Step 4 - Supplements

Now it's possible I may be making a mistake here but I've decided to go straight back to my old supplement plan from when I was big.

This may be a mistake in the short term because my body probably won't need it all until I'm more muscular again. Anything my body doesn't need though it will just expel so all I'm doing is pissing money away, I'm not harming my health.

I've decided to do it this way because what I need right now is a routine. If I make my supplements part of this routine I think everything else will fall in to place much easier.

There are literally hundreds of supplement providers out there and choosing one that stands out from the rest is nigh on impossible. The gym I used to train at supplied a particular brand and that worked before so I'll stick to the same brand now. If anyone wants to know what the brand is PM me and I'll tell you. I don't want to actively encourage this brand over any other because it's the only one I've tried so can't give any kind of comparison.

So what have a bought:-

Meal replacement shakes

Flapjacks

Protein bars

Vitamin/mineral tablets

Amino acid tablets

Total cost £230. It's an expensive game this!!

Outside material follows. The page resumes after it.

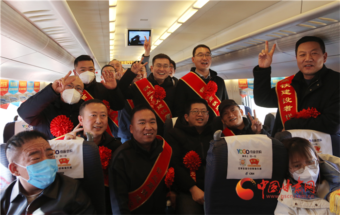 首趟列車上還特別安排了銀蘭高鐵中蘭段的建設者乘坐,4年多來,建設者夙夜在公,砥礪前行,用智慧和汗水讓藍圖成為現(xiàn)實,在這個特殊的日子他們格外開心。
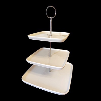 Producto: PASTELERO DE CERAMICA BLANCA 3 NIVELES 27 CM

These are just supplements and will form part of my overall diet. You will see where they fit in when I post about my daily diet later.

I have a little bit of thinking to do about that because things are slightly different to my old routine because of training times.



Matt, will chat to you about the vitamins and other supplements.


I'm pretty sure we're just going to disagree on this but always willing to talk. It's all down to opinion but I know what's worked for me in the past.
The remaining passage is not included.